Pru must have sensed the truth in his nonanswer, because she let out a weary sigh. “Max, it’s been a long day, and you’re right. I could have stayed behind in the room, but I didn’t. I’m here with you, in this sleeping bag. And yes, it was hard to be in the hotel room without you, and no, I couldn’t sleep, okay?”

“Why?” he asked. Needing to know, but hating how much he wanted the answer.

“Because I missed you.” She didn’t sound happy about this little truth. “It’s stupid. I know it’s stupid...”

“You missed me,” Max repeated, unable to keep a silly grin off his face.

Unable to stop himself from kissing her, or rejoicing when she stiffened only a little before kissing him back.

But then just as the kiss was about to take on more heat, she broke it off, her voice desperate and ragged as she said, “Can we not do the thing with the wallets? Can we just pretend that we’re not both messed-up people with messed-up pasts? Can we just be normal tonight?”

He stroked a hand over her short hair, which he hadn’t lied about liking. And for the first time since he’d started treating women like playthings, he wished that he was a normal guy, capable of conducting a normal relationship. For the first time, he actually wished he was more like Cole.

He leaned forward and kissed her again. Not as a tactic or a punishment, but because he wanted to. Because she was a very pretty girl. Because he liked her, and because he wanted to feel her lips on his.

* * *

Asking Max to cut out his lothario act was a mistake. A huge one. Pru realized this just a few seconds after his lips met hers again. This time when his mouth moved over hers, it was with tenderness as opposed to his usual brutal force.

Being kissed by Max like this turned her mind into a total doily, with thoughts of first kisses and soft music. Max’s kiss felt the way she used to wish boys would kiss her, back when she was a cheerleader and dating a football player.

The football player had never seemed to know what to do with his huge hands. Kissing him had felt like kissing a can of beer. Like a chore that came along with being a cheerleader.

But kissing Max was unlike anything she’d ever known.

Tonight he smelled of the outdoors and a cooking fire. He tasted like the hot chocolate she’d made for him. And the more he kissed her, the more she wanted him. She couldn’t get enough of him, and soon she was panting against his lips, pressing her body into his.

“Max...” she whispered.

She didn’t have to say anything more.

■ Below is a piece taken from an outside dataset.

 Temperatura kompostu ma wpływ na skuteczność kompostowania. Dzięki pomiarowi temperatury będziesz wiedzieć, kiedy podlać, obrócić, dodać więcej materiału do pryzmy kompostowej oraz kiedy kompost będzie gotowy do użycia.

He moved away from her, and cool air hit her as he climbed out of their makeshift bed. She could hear the sound of his new backpack being unzipped, then some rustling. He then got back under the covers with her. Naked now, with a condom in his left hand.

But instead of putting it on quickly, and taking her roughly as was his wont, he took her hand and pressed it against his chest.

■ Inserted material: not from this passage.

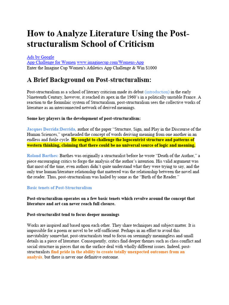 Post-Structuralism for Lit Critics

“Touch me,” he said, his voice low.

It wasn’t a request, but it also wasn’t hard for her to comply. She found she wanted to touch him, too. She brought both of her hands to his chest, mesmerized by the feel of his hard body in the dark as he she ran them over his chest and down his rippled abs. She stopped when she hit the top of his shaft, which was at full mast, already straining hard against the back of her hand.

The quick intake of breath he took when her hand grazed his sex emboldened her. Made her linger there, stroking her hand up and down his long length.

As her ministrations went on, Max’s breath become choppy, coming out in short bursts, as if it was becoming harder for him to hold on. Which only made her want to please him more.